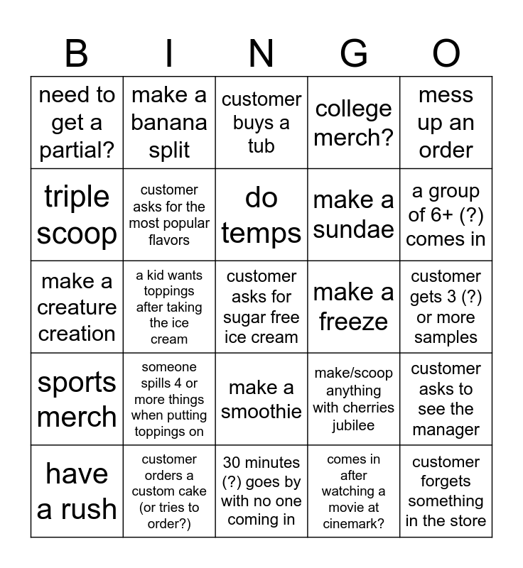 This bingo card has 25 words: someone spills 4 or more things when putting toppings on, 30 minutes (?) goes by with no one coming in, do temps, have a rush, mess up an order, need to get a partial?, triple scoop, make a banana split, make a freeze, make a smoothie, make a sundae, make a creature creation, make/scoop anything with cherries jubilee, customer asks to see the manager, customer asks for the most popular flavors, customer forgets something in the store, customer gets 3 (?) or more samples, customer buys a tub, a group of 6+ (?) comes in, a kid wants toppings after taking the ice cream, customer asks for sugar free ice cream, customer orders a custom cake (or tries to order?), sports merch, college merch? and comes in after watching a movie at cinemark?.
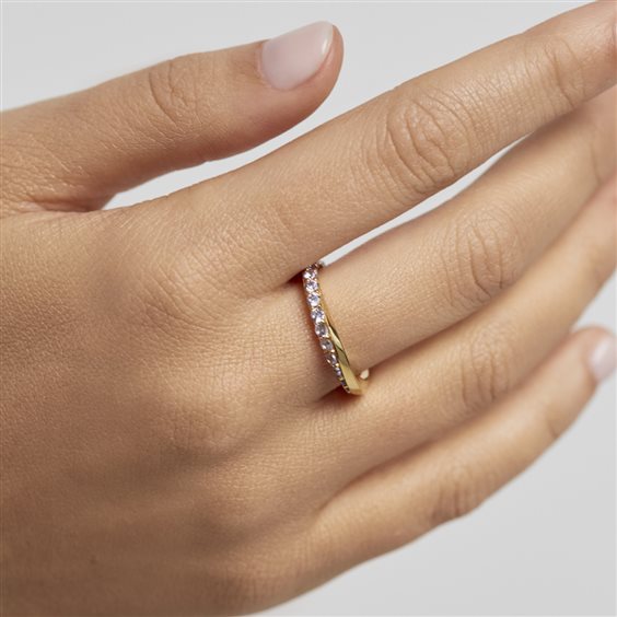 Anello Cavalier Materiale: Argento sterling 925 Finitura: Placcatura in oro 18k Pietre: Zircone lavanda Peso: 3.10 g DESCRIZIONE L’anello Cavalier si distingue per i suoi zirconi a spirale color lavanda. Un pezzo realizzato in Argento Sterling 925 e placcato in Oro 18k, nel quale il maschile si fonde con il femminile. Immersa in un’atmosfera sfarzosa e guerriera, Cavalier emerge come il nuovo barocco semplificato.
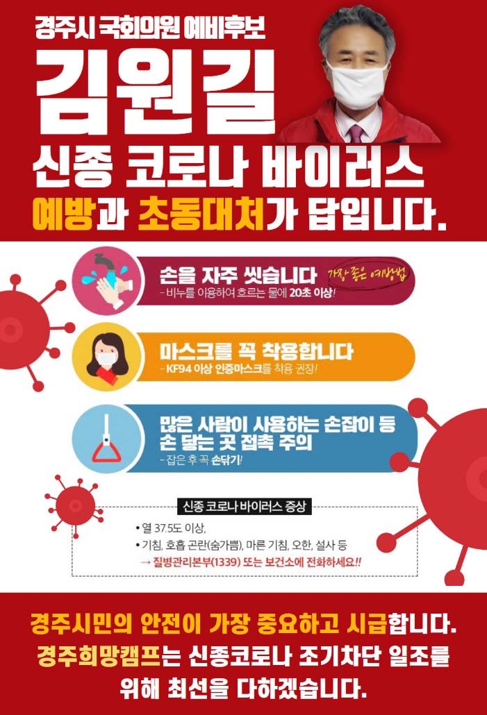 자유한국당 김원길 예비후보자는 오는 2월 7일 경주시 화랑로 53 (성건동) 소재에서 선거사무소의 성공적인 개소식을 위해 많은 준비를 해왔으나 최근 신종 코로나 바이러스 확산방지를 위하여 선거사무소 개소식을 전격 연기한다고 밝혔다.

* * *

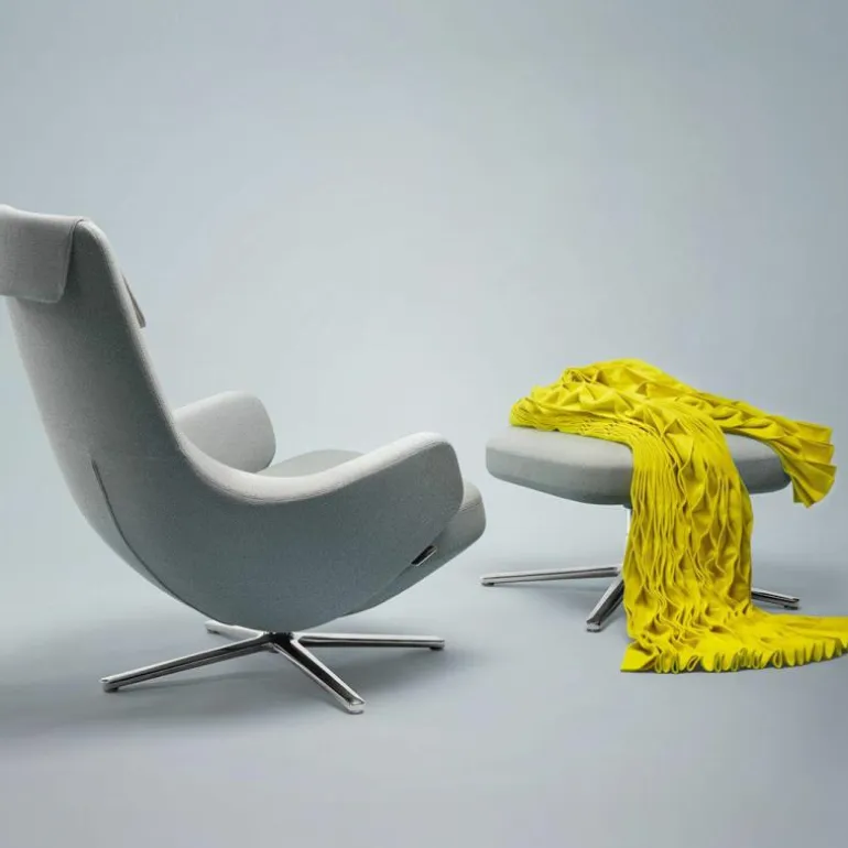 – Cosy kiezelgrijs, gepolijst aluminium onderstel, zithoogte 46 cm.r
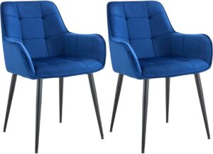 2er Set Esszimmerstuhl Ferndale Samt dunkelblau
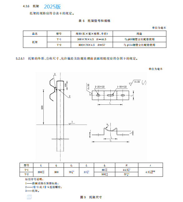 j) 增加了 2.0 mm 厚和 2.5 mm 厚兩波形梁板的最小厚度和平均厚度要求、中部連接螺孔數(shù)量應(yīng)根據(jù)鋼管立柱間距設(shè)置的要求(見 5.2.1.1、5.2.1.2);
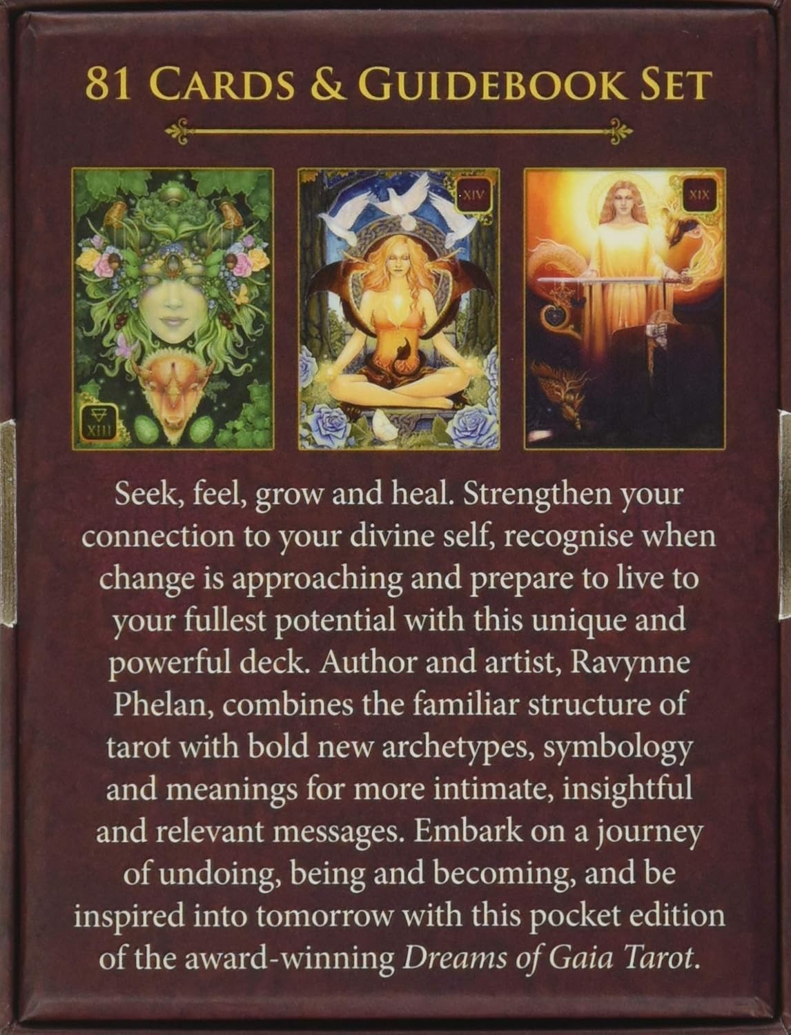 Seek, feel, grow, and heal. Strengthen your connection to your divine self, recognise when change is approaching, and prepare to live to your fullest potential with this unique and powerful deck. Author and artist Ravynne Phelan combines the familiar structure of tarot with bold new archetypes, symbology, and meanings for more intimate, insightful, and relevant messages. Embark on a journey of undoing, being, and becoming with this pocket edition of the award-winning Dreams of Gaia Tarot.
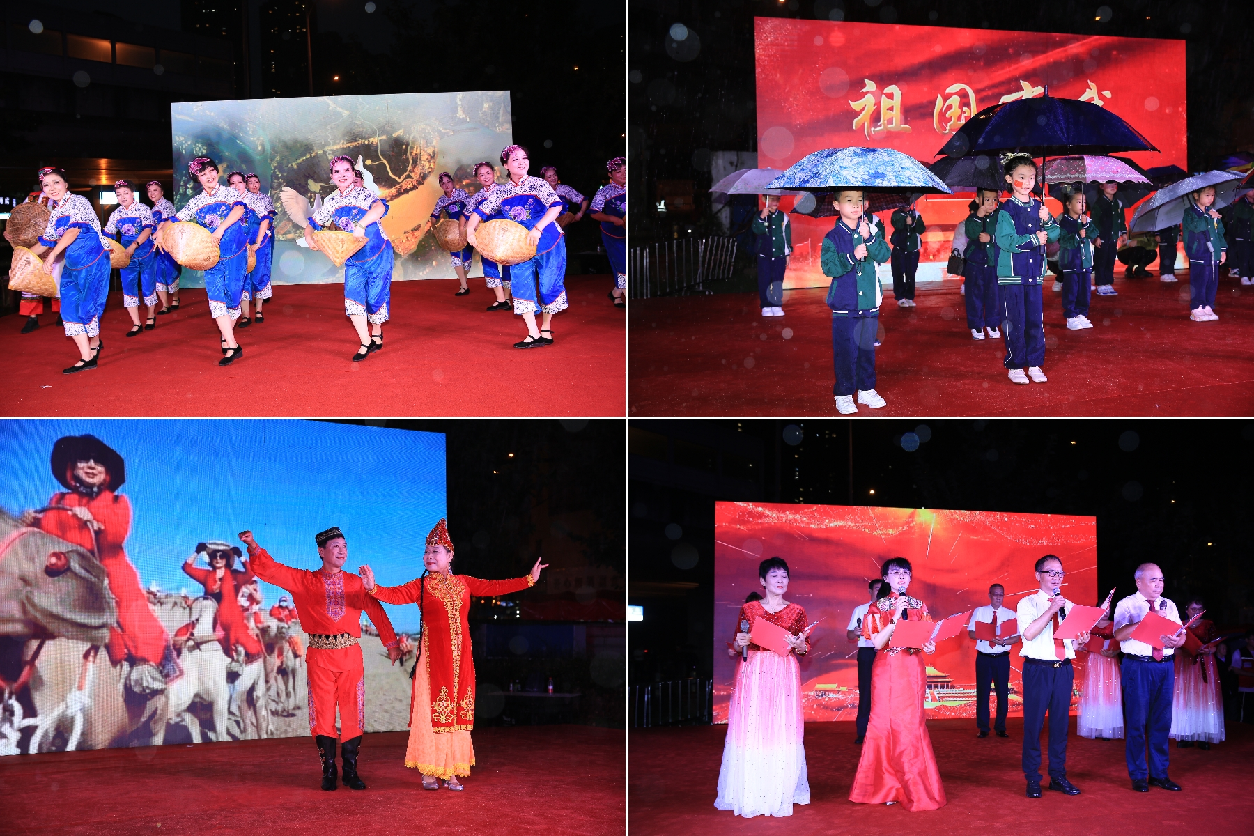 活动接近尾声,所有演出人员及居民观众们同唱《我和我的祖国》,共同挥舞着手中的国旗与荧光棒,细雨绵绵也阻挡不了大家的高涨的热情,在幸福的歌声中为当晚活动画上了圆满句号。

Task instructions:
Output should consist of the lines above from the one with "2er Set Esszimmerstuhl" down to the one with "j) 增加了 2.0 mm", exact and without pictures.

Finished exercise:
 2er Set Esszimmerstuhl Ferndale Samt dunkelblau
 j) 增加了 2.0 mm 厚和 2.5 mm 厚兩波形梁板的最小厚度和平均厚度要求、中部連接螺孔數(shù)量應(yīng)根據(jù)鋼管立柱間距設(shè)置的要求(見 5.2.1.1、5.2.1.2);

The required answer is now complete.